By Mason Inman for National Geographic News
14 July 2006
Galapagos finches:http://news.nationalgeographic.com/news/2006/07/060714-evolution.html
The arrival of the large ground finch species on a Galápagos island in 1982 prompted its relative, the medium ground finch (inset), to evolve. Over just 20 years, the smaller species evolved a smaller beak to avoid competition for food, the first time this effect has been observed in action in the wild.
Photographs courtesy B. Rosemary Grant/Science

Evolution may sometimes happen so fast that it's hard to catch in action, a new study of Galápagos finches suggests. Researchers from New Jersey's Princeton University have observed a species of finch in Ecuador's Galápagos Islands that evolved a smaller beak within a mere two decades. Surprisingly, most of the shift happened within just one generation, the scientists say.

In 1982 the large ground finch arrived on the tiny Galápagos island of Daphne, just east of the island of San Salvador. Since then the medium ground finch, a long-time Daphne resident, has evolved a smaller beak—apparently as a result of direct competition with the larger bird for food. Evolutionary theory had previously suggested that competition between two similar species can drive the animals to evolve in different directions. But until now the effect had never been observed in action in the wild. In the new study, Princeton's Peter and Rosemary Grant closely tracked the two related species for decades and published their results the journal Science.

Changing Beaks, Changing Diet
For both finch species, the researchers note, feeding is a trade-off between effort and payoff. Both species preferentially eat larger seeds, which are harder for their nutcracker-like beaks to break open but hold a bigger reward inside. The bigger the bird's beak, the easier it is to crack open the seeds' coatings.

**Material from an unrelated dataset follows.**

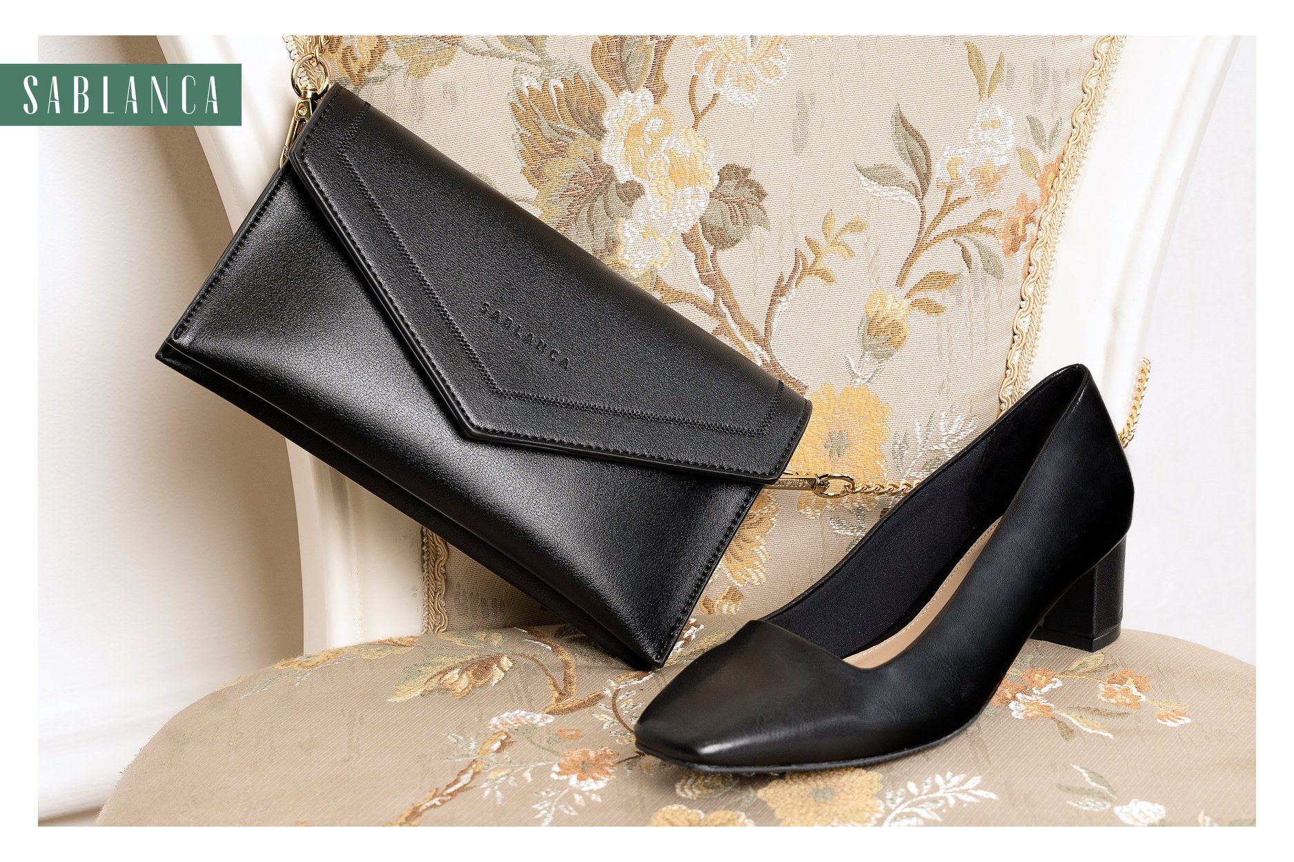 Đây là hai đại diện tiêu biểu của nhà retro vẫn chiếm được sự ưu ái trong lòng các quý cô. Ở đôi cao gót mũi vuông đế trụ mang hơi hướng cổ điển vô cùng phù hợp với chiếc ví phong thư phối dây đeo metallic hiện đại trên nền đen huyền bí, để nàng dễ dàng mix and match với bất cứ outfits yêu thích nào, tạo nên dấu ấn riêng của mình.

The already smaller-beaked medium ground finch couldn't successfully compete with the newly arrived large ground finch, which is about twice as big and dominates feeding grounds. Individuals among the medium ground finch that were able to specialize on smaller seeds because they had smaller beaks managed to obtain enough food to breed successfully. The competitive advantage of the larger beaked large ground finch resulted in greater success of the medium ground finches with the smallest beaks. A consequence of strong competition for the shared seed resource led to a greater divergence of beak size between the two species of finches.

Offspring of the medium ground finch inherited their success parents' smaller beaks, shifting the average beak size in the smaller direction. The large ground finch dominated the larger seeds and appeared not to take interest in the smaller seeds. A competitive situation that leads to the divergence of a characteristic of one or both species from its initial condition that results in the species specializing on different parts of the resource base is known as character displacement," Peter Grant said. "It is a very important one in studies of evolution, because it shows that species interact for food and undergo evolutionary change which minimizes further competition."

The researchers say they have seen other types of evolution in action in Galápagos finches before. But this was the strongest shift they've seen in their 33 years of study, the scientists say.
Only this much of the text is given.